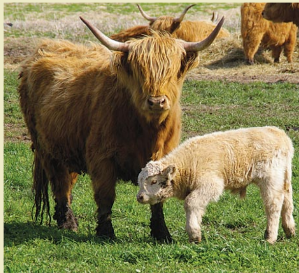
This two-day-old calf will soon join Fountain Prairie's herd of 300 cattle.
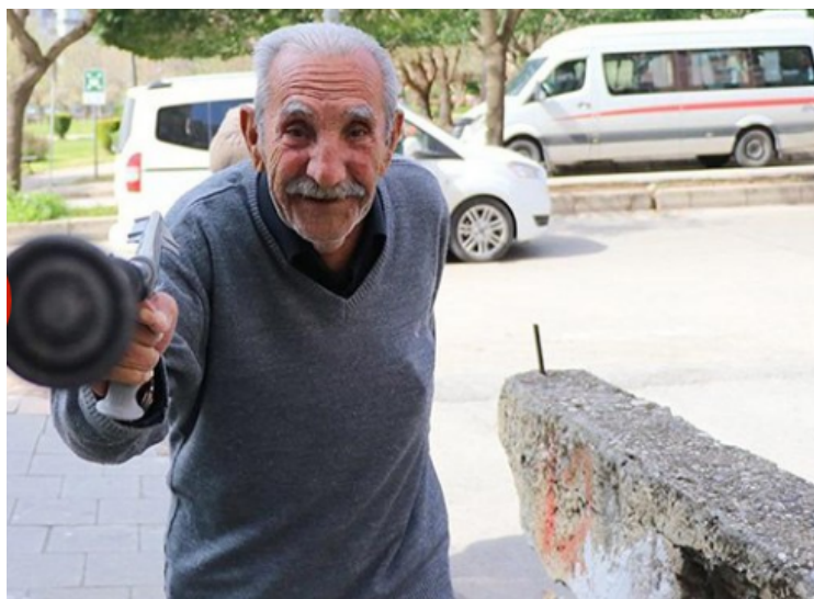
Figure 17. "Man Resisted in 78 Years: I Didn't Hear Corona Virus." Resource: www.sozcu.com.tr , 23.03.2020.

When the Corona virus epidemic began to emerge in Turkey, has begun to deteriorate harmony in social relations network that specific roles in the existing order. Turner describes this process as social drama.

TASK DESCRIPTION =>
From the line containing "www.sozcu.com.tr , 23.03.2020." to the final line of the data above, transcribe every line exactly and nothing more.

RESULT OF THIS TASK =>
Figure 17. "Man Resisted in 78 Years: I Didn't Hear Corona Virus." Resource: www.sozcu.com.tr , 23.03.2020.

When the Corona virus epidemic began to emerge in Turkey, has begun to deteriorate harmony in social relations network that specific roles in the existing order. Turner describes this process as social drama.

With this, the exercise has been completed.